Caching

Cache eviction

LRU, LFU, TTL, ARC and what each costs.

A cache has finite memory. Eventually it fills up, and the next write has to throw something out. The eviction policy decides who gets evicted. Pick the wrong policy for your access pattern and your hit rate falls off a cliff, even though the cache is the same size and the workload is the same. The good news: most production caches use one of three policies, and picking between them is about the shape of your reads, not about which one is “best.”

The setup

flowchart LR
    APP(["Application"]):::client
    C[("Cache<br/>limited capacity")]:::infra
    DB[("Database")]:::store

    APP -->|"GET key"| C
    C -->|"miss"| APP
    APP -->|"SELECT"| DB
    DB -->|"row"| APP
    APP -->|"SET key,<br/>evict if full"| C

    classDef client fill:#dbeafe,stroke:#1e40af,color:#1e3a8a,stroke-width:1.5px
    classDef infra fill:#fef3c7,stroke:#a16207,color:#713f12,stroke-width:1.5px
    classDef store fill:#e9d5ff,stroke:#7e22ce,color:#581c87,stroke-width:1.5px

Every SET on a full cache forces a choice: which existing key has to leave so the new one can fit? Different policies pick differently.

LRU — Least Recently Used

Evict the entry that has gone the longest without being read. The intuition: if it has not been used recently, it probably will not be used soon.

flowchart TB
    subgraph BEFORE["Cache (LRU, capacity 4) — newest on the right"]
        direction LR
        B1[("A<br/>oldest")]:::store
        B2[("B")]:::store
        B3[("C")]:::store
        B4[("D<br/>newest")]:::store
    end

    BEFORE --> ADD["Insert E"]:::infra

    subgraph AFTER["After insert"]
        direction LR
        N1[("B<br/>oldest")]:::store
        N2[("C")]:::store
        N3[("D")]:::store
        N4[("E<br/>newest")]:::store
        EV[("A evicted")]:::dead
    end

    classDef store fill:#e9d5ff,stroke:#7e22ce,color:#581c87,stroke-width:1.5px
    classDef dead fill:#fecaca,stroke:#b91c1c,color:#7f1d1d,stroke-width:1.5px
    classDef infra fill:#fef3c7,stroke:#a16207,color:#713f12,stroke-width:1.5px

If you then read B, it moves to the newest position. Reads “promote” entries; only the truly idle ones drift to the front of the eviction queue.

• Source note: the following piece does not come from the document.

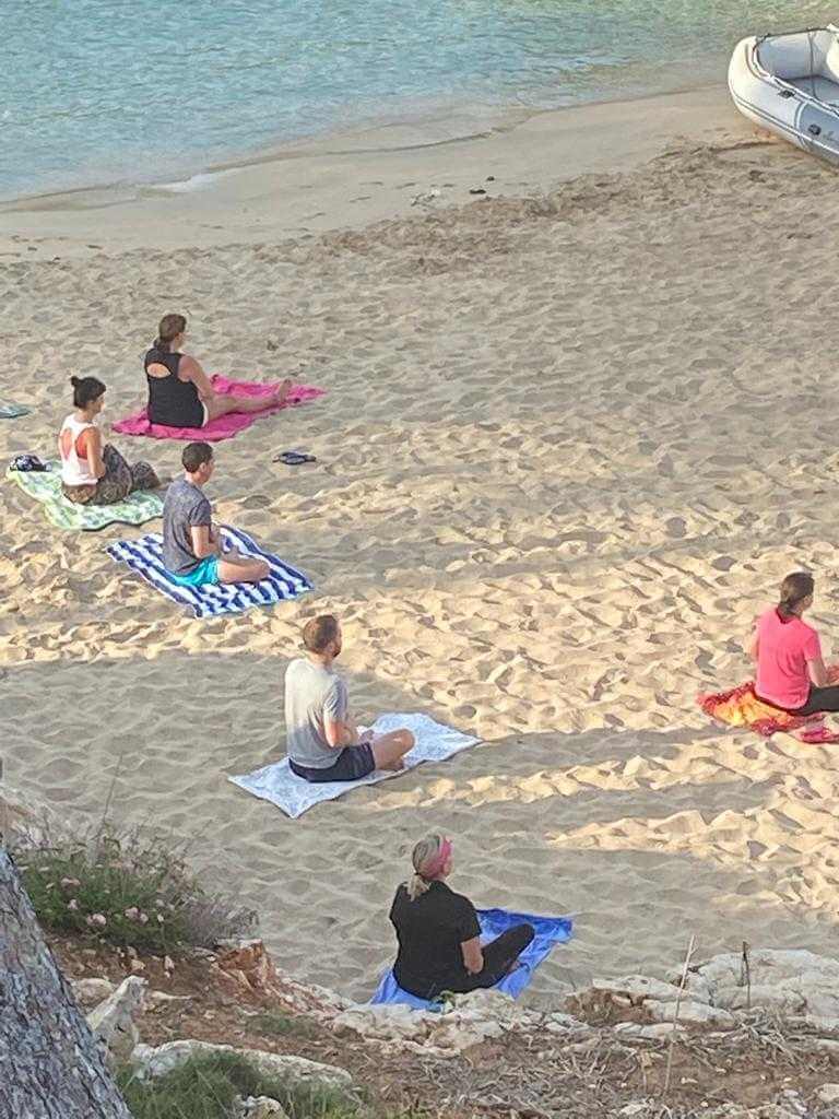 Bereits um 7:15 ist am Strand nicht mehr die sonst übliche Ruhe für den Yoga Kurs. Nein, eine Familie hat sich mit Strandmuschel und Kinderwagen bereits ihren Platz am Wasser gesichert.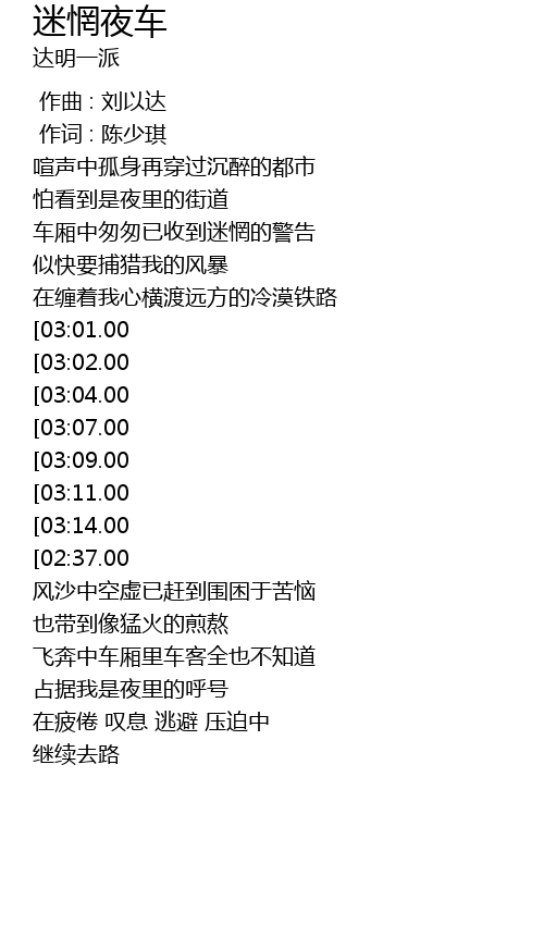 | [03:28.00][03:11.00][02:27.00][01:19.00] | 理智已失了自控 |

Strength. Works well when the recently-read set predicts the soon-to-be-read set. Most workloads with temporal locality.

Weakness. A one-time scan of millions of cold rows evicts everything useful. This is called cache pollution, and it ruins LRU caches in front of analytics queries.

LFU — Least Frequently Used

Evict the entry with the lowest read count. The intuition: keep the things many people ask about, even if any one of them was read a while ago.

flowchart TB
    subgraph BEFORE["Cache (LFU, capacity 4) — counts"]
        direction LR
        B1[("A — 47 reads")]:::store
        B2[("B — 23 reads")]:::store
        B3[("C — 3 reads<br/>lowest")]:::store
        B4[("D — 18 reads")]:::store
    end

    BEFORE --> ADD["Insert E"]:::infra

    subgraph AFTER["After insert"]
        direction LR
        N1[("A — 47")]:::store
        N2[("B — 23")]:::store
        N3[("D — 18")]:::store
        N4[("E — 1")]:::store
        EV[("C evicted<br/>only 3 reads")]:::dead
    end

    classDef store fill:#e9d5ff,stroke:#7e22ce,color:#581c87,stroke-width:1.5px
    classDef dead fill:#fecaca,stroke:#b91c1c,color:#7f1d1d,stroke-width:1.5px
    classDef infra fill:#fef3c7,stroke:#a16207,color:#713f12,stroke-width:1.5px

Strength. Holds onto truly popular items even during a flood of one-off reads. Resistant to scan pollution.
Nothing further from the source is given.